Wall St.Jour. Exposes Egregious Tx-free Housing Privileges for Clergy


As Congress looks for ways to cut billions of dollars from the federal budget, an Aug. 23 Wall Street Journal article shed
 light on a special tax privilege that makes it possible for any minister of the Gospel to “buy or live in multiple homes tax free.”
In one example the Journal cited, the U.S. Tax Court ruled that a millionaire minister did not owe federal income taxes on $408,638 provided to him by his ministry to buy a second home on a lake in Tennessee.
“At a time when the American people are facing grave fiscal challenges, it is simply outrageous to continue forcing taxpayers to pay for the housing of clergy members across the country,” said Sean Faircloth, executive director of the Secular Coalition for America, the national lobby for secular and nontheistic Americans. “Our Constitution protects citizens from having religion forced upon them, meaning no individual should have to subsidize anyone else’s religious organization through their tax dollars. As federal lawmakers consider ways to reduce our country’s deficit, these costly tax privileges for ministers should be among the first programs put on the chopping block.”
Experts say that the parsonage allowance was originally devised to assist low-income clergy members. However, as The Journal notes, “[t]here is no restriction on the value of the home that can be claimed under the exemption.” As a result, there have been several high-profile cases of clergy paying no taxes on high-price real estate.
For example, in 2010 the Orange County Register reported that eight members of Robert Schuller’s Crystal Cathedral Ministries in California, including five members of Schuller’s family, received the special clergy housing allowance totaling more than $832,000 annually – all of it subsidized by taxpayers.
In 2006, The New York Times reported, “Current Congressional budget records show that the exemption has cost the government as much as $500 million in tax revenue a year, shifting that much of the national tax burden onto other taxpayers.”
U.S. Sen. Charles Grassley (R-Iowa) told The Journal, “It’s fair to question why a clergy member needs a tax-free allowance for more than one home, and whether tax-exempt churches should subsidize millionaire ministers.”

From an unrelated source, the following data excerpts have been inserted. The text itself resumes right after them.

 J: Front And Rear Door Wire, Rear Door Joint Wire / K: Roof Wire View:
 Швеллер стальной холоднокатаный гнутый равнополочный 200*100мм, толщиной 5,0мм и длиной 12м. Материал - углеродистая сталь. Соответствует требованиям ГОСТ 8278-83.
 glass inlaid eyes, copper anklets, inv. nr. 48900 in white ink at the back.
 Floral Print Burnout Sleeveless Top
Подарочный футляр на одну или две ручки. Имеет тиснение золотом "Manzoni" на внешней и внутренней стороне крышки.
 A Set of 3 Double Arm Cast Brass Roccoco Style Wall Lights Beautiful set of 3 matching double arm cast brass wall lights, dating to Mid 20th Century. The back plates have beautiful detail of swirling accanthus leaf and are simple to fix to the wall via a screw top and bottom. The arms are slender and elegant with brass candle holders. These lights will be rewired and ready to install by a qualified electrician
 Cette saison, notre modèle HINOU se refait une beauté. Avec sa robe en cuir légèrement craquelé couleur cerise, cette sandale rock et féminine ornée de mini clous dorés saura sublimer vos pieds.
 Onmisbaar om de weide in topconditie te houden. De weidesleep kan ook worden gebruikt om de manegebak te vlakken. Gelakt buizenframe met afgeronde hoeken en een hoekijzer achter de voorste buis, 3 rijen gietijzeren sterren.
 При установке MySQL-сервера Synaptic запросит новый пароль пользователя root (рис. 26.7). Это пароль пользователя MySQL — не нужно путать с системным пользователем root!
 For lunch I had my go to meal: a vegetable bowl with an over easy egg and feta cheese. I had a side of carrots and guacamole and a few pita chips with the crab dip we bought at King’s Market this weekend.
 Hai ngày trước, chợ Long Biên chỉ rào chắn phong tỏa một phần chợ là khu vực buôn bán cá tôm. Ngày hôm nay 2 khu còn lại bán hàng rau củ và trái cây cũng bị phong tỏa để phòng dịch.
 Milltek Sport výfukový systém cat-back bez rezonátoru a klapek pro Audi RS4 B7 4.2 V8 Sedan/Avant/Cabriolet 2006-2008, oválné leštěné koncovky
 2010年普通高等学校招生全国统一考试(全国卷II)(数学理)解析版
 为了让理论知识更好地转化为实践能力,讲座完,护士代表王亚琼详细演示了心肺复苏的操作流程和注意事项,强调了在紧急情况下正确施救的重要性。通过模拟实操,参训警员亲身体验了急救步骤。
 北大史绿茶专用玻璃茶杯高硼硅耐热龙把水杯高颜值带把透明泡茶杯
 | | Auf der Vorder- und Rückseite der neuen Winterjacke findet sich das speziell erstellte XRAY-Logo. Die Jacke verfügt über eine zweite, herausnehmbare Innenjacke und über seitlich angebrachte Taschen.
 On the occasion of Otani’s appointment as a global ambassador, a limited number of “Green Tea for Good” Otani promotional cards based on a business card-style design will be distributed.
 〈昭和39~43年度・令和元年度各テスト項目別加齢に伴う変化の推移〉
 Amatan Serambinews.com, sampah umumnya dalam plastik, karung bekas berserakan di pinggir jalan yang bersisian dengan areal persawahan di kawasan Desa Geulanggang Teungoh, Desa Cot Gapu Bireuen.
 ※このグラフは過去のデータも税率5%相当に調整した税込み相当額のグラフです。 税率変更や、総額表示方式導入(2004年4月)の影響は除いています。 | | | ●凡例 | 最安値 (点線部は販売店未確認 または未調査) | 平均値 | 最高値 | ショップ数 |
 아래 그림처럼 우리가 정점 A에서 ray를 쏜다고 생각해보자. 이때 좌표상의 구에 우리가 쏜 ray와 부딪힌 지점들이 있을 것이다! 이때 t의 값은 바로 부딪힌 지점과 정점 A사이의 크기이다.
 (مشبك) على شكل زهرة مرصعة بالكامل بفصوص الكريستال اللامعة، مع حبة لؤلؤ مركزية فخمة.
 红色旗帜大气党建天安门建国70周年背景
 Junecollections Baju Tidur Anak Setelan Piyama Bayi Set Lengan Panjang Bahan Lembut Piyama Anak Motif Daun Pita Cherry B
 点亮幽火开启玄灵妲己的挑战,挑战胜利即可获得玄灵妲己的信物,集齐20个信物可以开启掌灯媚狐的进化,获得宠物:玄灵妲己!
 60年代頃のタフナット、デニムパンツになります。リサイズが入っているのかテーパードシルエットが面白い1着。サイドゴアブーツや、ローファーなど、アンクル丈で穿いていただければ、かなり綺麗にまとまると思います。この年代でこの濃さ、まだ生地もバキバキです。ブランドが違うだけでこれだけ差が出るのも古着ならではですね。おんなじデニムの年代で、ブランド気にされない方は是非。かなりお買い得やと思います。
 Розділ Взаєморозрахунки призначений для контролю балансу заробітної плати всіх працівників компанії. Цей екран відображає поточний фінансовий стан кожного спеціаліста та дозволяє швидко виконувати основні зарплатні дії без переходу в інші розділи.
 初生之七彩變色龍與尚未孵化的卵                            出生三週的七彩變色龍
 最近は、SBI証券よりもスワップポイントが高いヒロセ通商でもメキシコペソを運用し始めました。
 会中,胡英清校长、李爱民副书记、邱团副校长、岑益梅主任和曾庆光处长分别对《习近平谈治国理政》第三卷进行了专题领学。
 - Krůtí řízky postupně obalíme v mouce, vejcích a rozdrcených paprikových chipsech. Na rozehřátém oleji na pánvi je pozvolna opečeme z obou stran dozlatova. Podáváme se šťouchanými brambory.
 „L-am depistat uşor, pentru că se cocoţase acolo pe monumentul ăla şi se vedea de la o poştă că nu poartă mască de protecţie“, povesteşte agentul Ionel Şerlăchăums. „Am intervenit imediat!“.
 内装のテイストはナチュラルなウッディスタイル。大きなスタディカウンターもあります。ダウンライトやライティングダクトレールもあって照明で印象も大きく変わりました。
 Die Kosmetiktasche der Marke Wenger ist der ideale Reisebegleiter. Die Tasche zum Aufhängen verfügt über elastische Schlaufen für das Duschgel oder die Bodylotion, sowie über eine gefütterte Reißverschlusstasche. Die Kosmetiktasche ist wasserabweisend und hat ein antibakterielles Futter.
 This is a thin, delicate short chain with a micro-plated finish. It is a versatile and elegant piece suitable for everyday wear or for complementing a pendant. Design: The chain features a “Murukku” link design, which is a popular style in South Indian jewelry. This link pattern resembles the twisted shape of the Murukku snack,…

Earlier this year, a commission formed by the Evangelical Council for Financial Accountability at the request of Grassley to “spearhead an independent national effort to review and provide input on major accountability and policy issues affecting [religious] organizations” was criticized by the Secular Coalition and its member organizations for lacking representation from independent, secular, and non-evangelical Christian organizations.